### [What the exercise asks]
Exclude the pictures, then restate every entry below exactly.

++++ Input data ++++

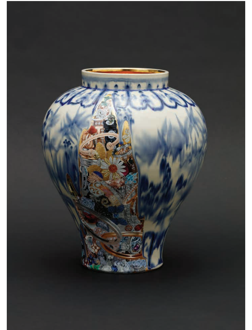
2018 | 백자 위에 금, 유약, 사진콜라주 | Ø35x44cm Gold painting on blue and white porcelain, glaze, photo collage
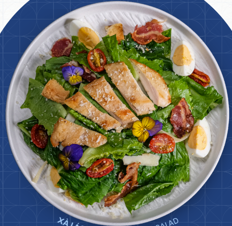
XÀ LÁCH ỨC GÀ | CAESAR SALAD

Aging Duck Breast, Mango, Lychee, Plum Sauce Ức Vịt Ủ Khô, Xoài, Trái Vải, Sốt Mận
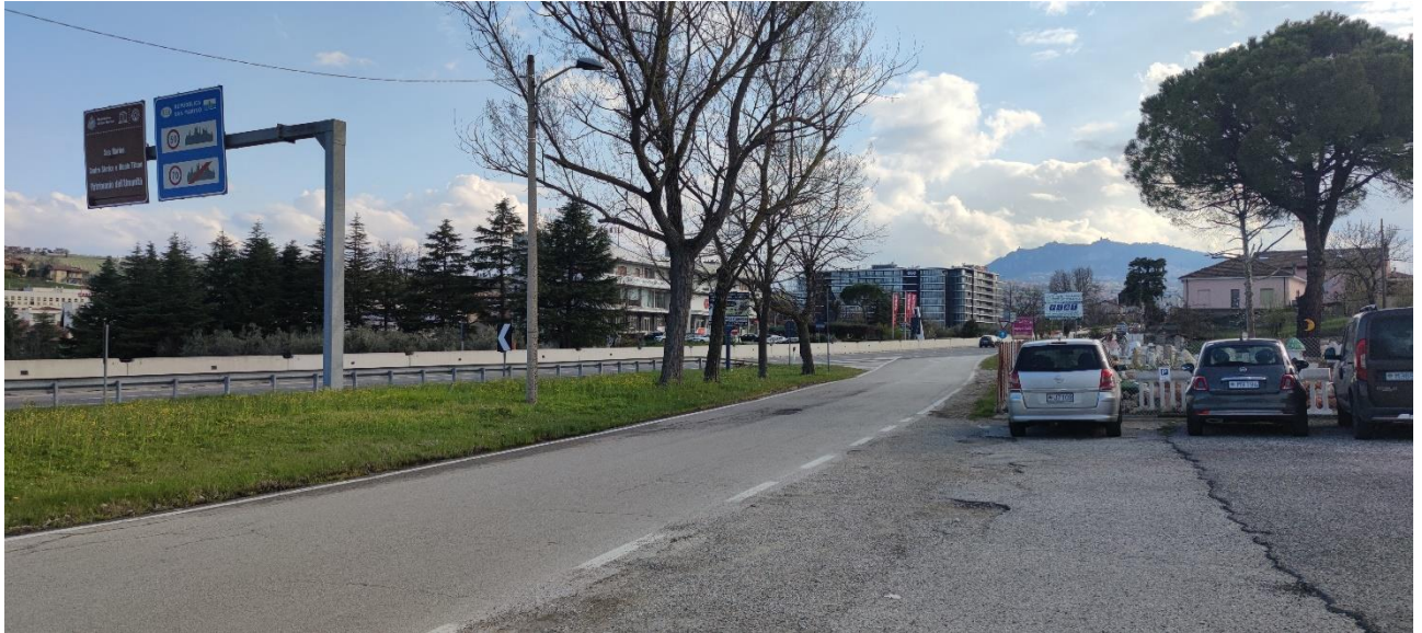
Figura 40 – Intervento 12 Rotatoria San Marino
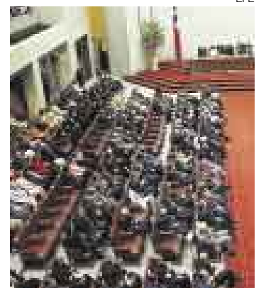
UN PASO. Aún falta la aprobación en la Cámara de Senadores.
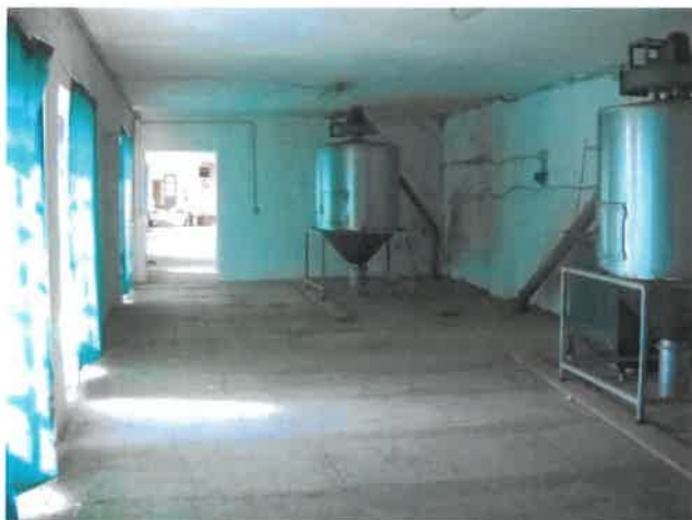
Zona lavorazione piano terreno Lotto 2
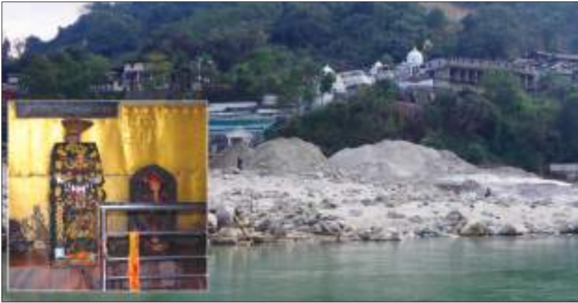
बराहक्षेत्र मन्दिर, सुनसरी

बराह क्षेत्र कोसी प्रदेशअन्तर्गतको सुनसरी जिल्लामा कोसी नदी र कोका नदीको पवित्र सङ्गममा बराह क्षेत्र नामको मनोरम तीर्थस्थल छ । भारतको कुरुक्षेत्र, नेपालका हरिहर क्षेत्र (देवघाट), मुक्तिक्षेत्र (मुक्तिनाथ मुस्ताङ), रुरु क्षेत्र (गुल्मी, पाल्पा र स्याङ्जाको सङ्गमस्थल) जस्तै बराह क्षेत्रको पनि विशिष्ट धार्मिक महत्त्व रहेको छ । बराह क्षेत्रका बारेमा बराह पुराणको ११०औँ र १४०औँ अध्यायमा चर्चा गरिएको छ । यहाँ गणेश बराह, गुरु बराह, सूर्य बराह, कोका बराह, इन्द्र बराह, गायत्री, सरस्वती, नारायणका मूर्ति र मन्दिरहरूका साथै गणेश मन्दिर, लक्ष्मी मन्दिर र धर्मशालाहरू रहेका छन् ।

++++

### [Your response]
2018 | 백자 위에 금, 유약, 사진콜라주 | Ø35x44cm Gold painting on blue and white porcelain, glaze, photo collage
XÀ LÁCH ỨC GÀ | CAESAR SALAD

Aging Duck Breast, Mango, Lychee, Plum Sauce Ức Vịt Ủ Khô, Xoài, Trái Vải, Sốt Mận
Figura 40 – Intervento 12 Rotatoria San Marino
UN PASO. Aún falta la aprobación en la Cámara de Senadores.
Zona lavorazione piano terreno Lotto 2
बराहक्षेत्र मन्दिर, सुनसरी

बराह क्षेत्र कोसी प्रदेशअन्तर्गतको सुनसरी जिल्लामा कोसी नदी र कोका नदीको पवित्र सङ्गममा बराह क्षेत्र नामको मनोरम तीर्थस्थल छ । भारतको कुरुक्षेत्र, नेपालका हरिहर क्षेत्र (देवघाट), मुक्तिक्षेत्र (मुक्तिनाथ मुस्ताङ), रुरु क्षेत्र (गुल्मी, पाल्पा र स्याङ्जाको सङ्गमस्थल) जस्तै बराह क्षेत्रको पनि विशिष्ट धार्मिक महत्त्व रहेको छ । बराह क्षेत्रका बारेमा बराह पुराणको ११०औँ र १४०औँ अध्यायमा चर्चा गरिएको छ । यहाँ गणेश बराह, गुरु बराह, सूर्य बराह, कोका बराह, इन्द्र बराह, गायत्री, सरस्वती, नारायणका मूर्ति र मन्दिरहरूका साथै गणेश मन्दिर, लक्ष्मी मन्दिर र धर्मशालाहरू रहेका छन् ।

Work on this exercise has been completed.